§ **To do**: Shown below is a listing with pictures; reproduce exactly, and only, the lines between the ones containing "Kleines Nachtpfauenauge (Saturnia" and "Nepeta x faassenii", inclusive, leaving the pictures out.

§ **Dataset entries**:
──────────
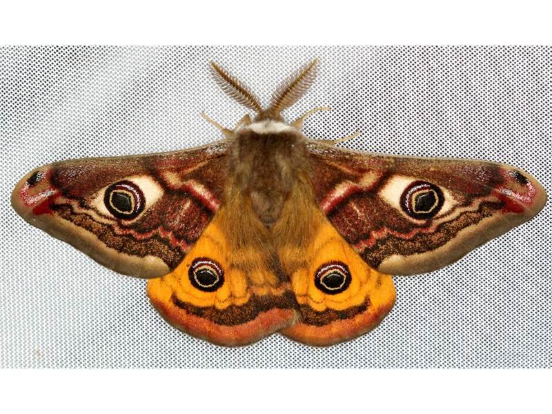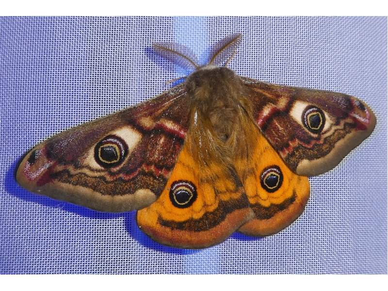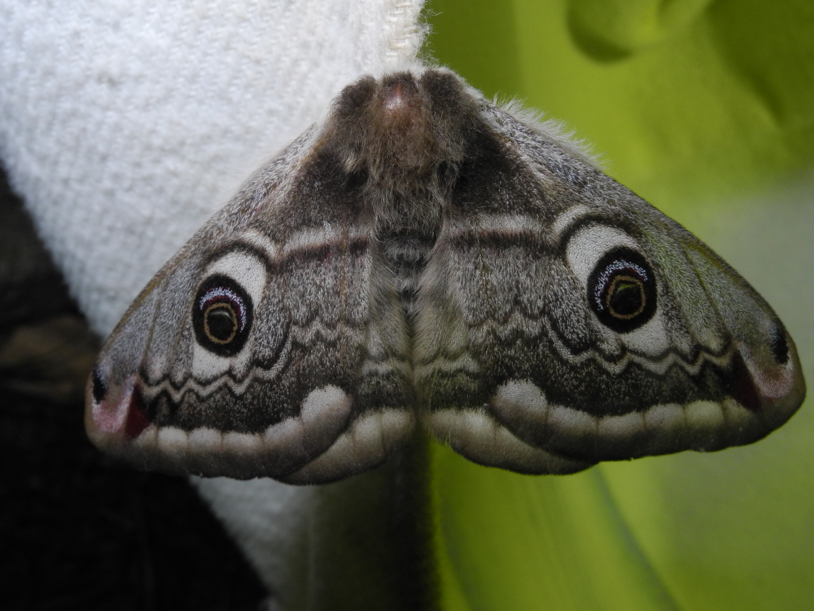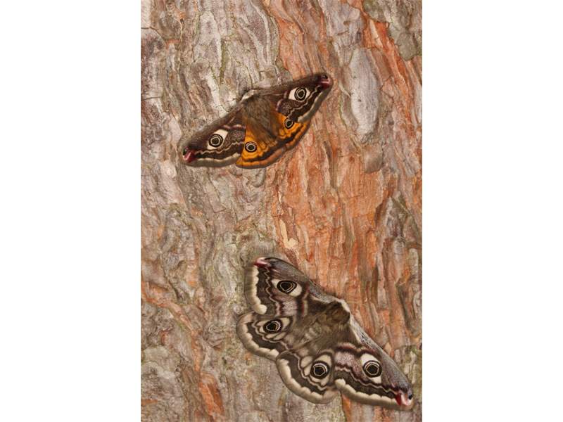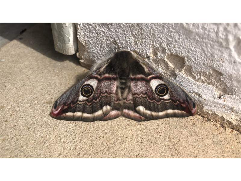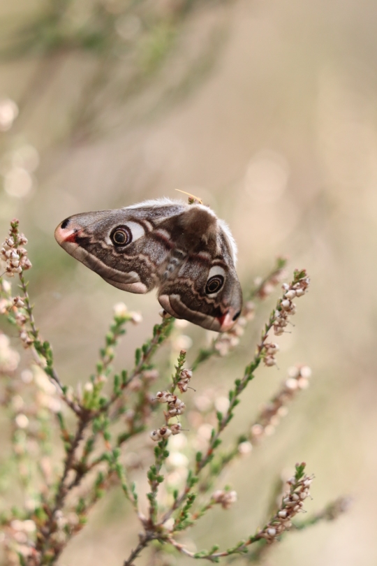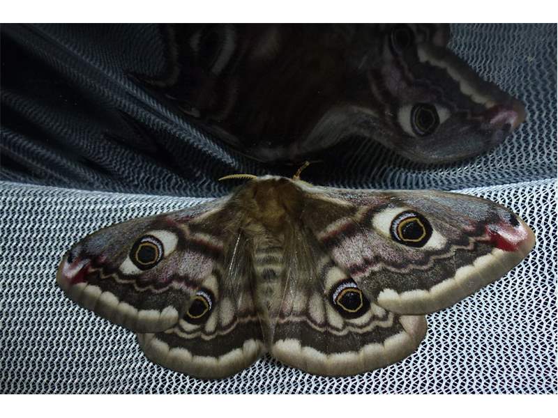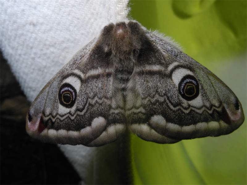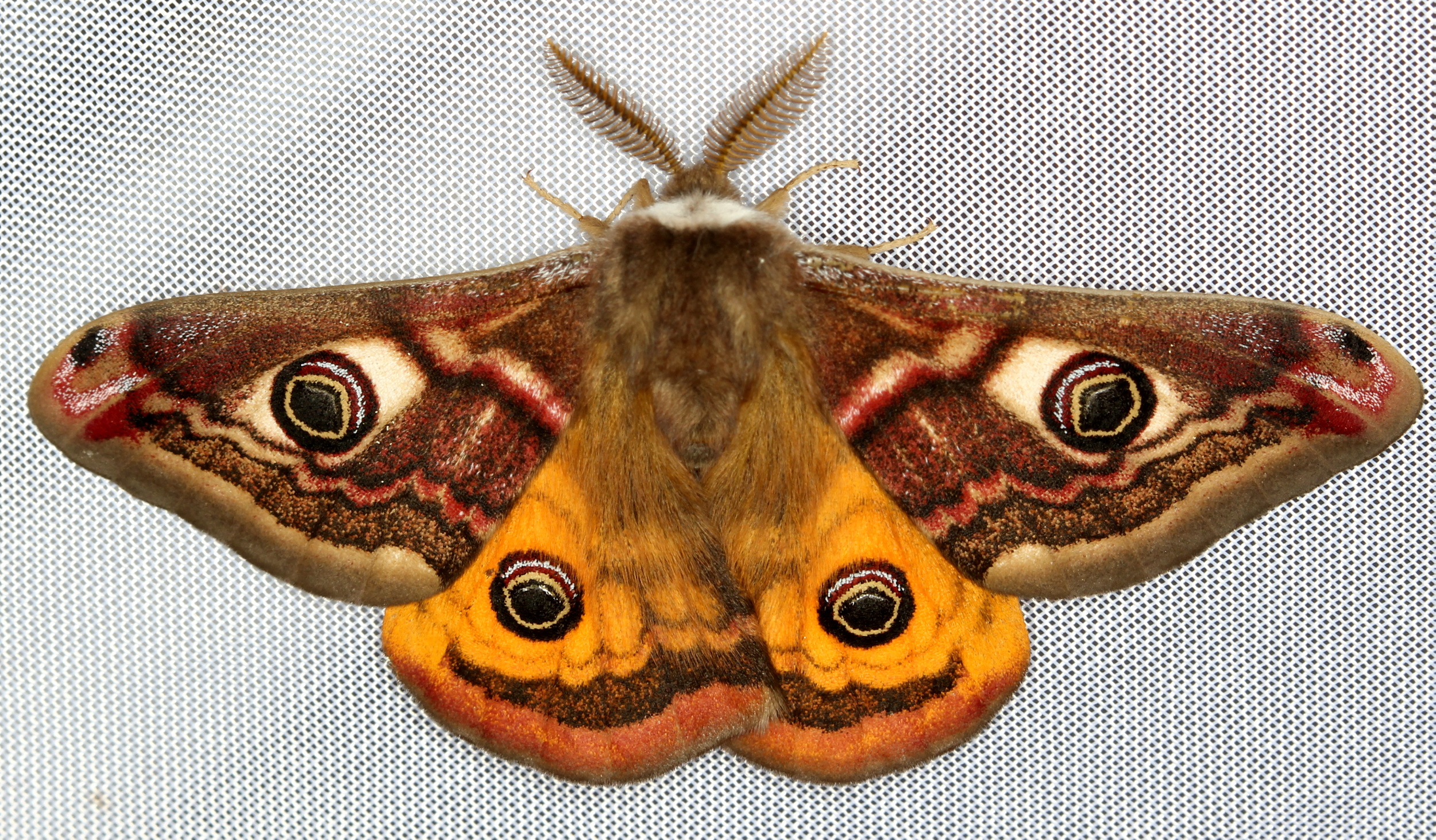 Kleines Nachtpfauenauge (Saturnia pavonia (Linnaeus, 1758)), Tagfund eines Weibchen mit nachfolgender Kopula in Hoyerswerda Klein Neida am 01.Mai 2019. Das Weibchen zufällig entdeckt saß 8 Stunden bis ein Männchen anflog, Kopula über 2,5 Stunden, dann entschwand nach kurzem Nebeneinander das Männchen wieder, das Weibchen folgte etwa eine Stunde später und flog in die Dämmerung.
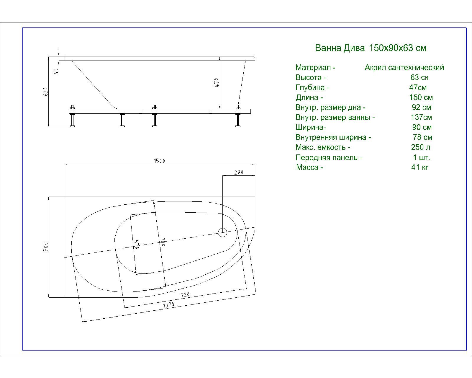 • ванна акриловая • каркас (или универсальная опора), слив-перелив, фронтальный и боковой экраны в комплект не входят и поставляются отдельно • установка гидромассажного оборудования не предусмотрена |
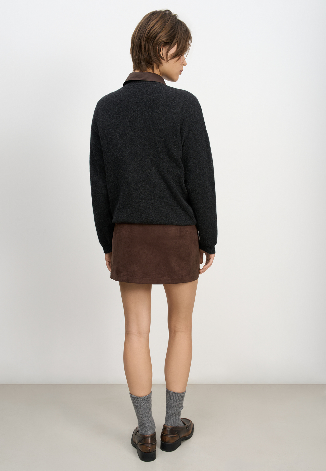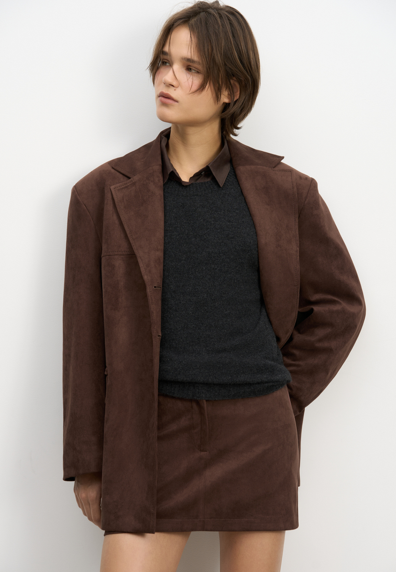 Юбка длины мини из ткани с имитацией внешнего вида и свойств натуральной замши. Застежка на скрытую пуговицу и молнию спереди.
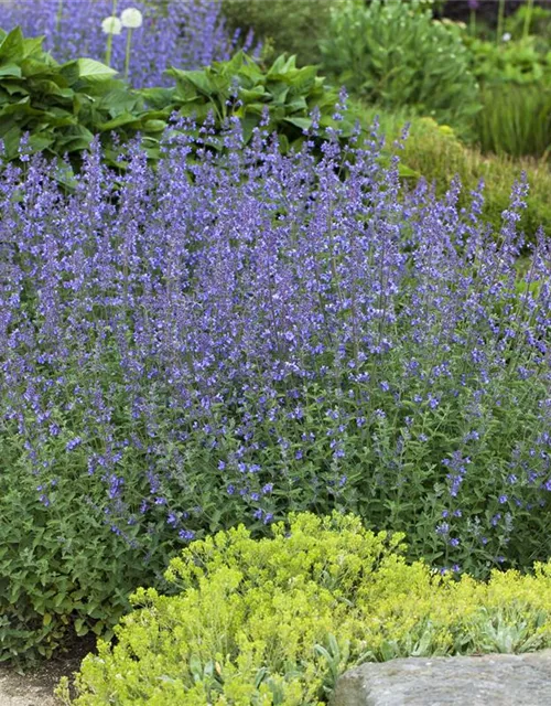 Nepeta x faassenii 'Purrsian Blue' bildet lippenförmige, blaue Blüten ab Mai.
──────────
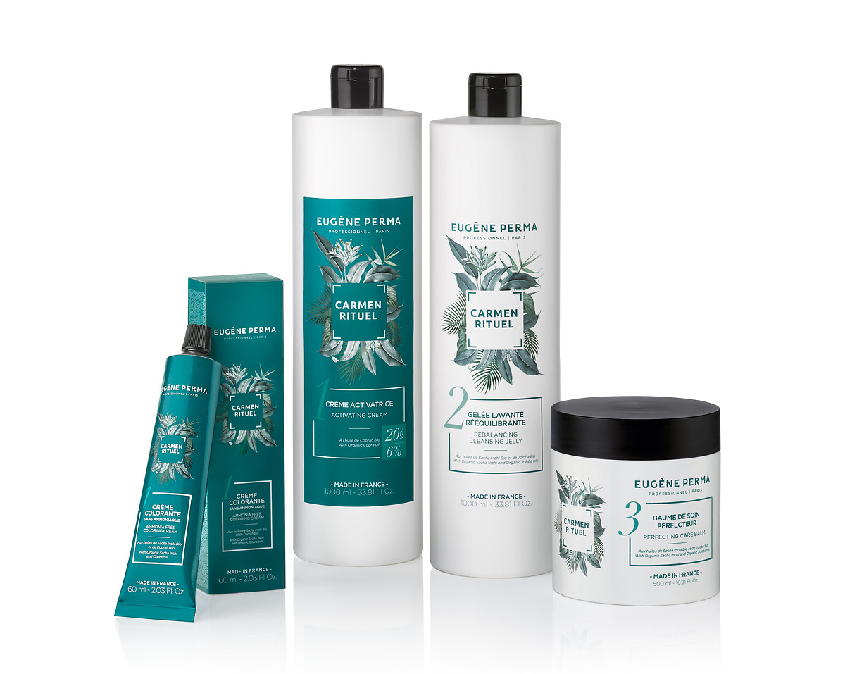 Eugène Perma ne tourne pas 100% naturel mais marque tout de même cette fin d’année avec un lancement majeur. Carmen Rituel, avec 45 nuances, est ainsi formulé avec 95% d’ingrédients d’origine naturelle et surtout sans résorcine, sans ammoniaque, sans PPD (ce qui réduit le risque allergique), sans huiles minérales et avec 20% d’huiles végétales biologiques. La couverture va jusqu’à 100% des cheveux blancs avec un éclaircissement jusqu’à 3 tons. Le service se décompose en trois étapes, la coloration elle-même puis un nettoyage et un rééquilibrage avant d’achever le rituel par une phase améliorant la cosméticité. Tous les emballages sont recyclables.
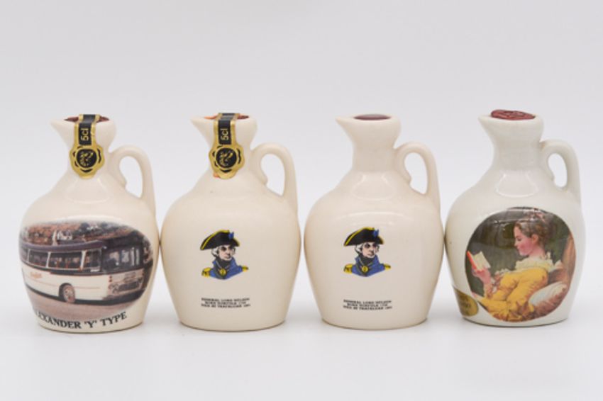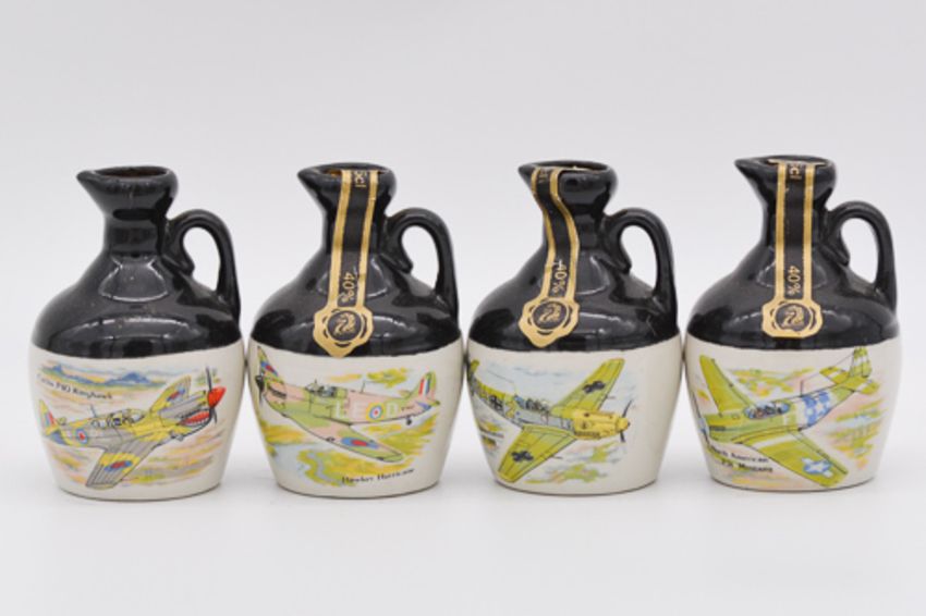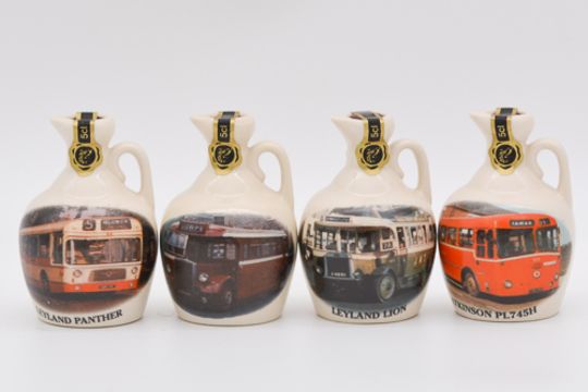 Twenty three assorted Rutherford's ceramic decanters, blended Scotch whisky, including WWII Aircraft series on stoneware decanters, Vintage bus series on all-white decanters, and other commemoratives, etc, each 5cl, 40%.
──────────
§ **Written solution**:
 Kleines Nachtpfauenauge (Saturnia pavonia (Linnaeus, 1758)), Tagfund eines Weibchen mit nachfolgender Kopula in Hoyerswerda Klein Neida am 01.Mai 2019. Das Weibchen zufällig entdeckt saß 8 Stunden bis ein Männchen anflog, Kopula über 2,5 Stunden, dann entschwand nach kurzem Nebeneinander das Männchen wieder, das Weibchen folgte etwa eine Stunde später und flog in die Dämmerung.
 • ванна акриловая • каркас (или универсальная опора), слив-перелив, фронтальный и боковой экраны в комплект не входят и поставляются отдельно • установка гидромассажного оборудования не предусмотрена |
 Юбка длины мини из ткани с имитацией внешнего вида и свойств натуральной замши. Застежка на скрытую пуговицу и молнию спереди.
 Nepeta x faassenii 'Purrsian Blue' bildet lippenförmige, blaue Blüten ab Mai.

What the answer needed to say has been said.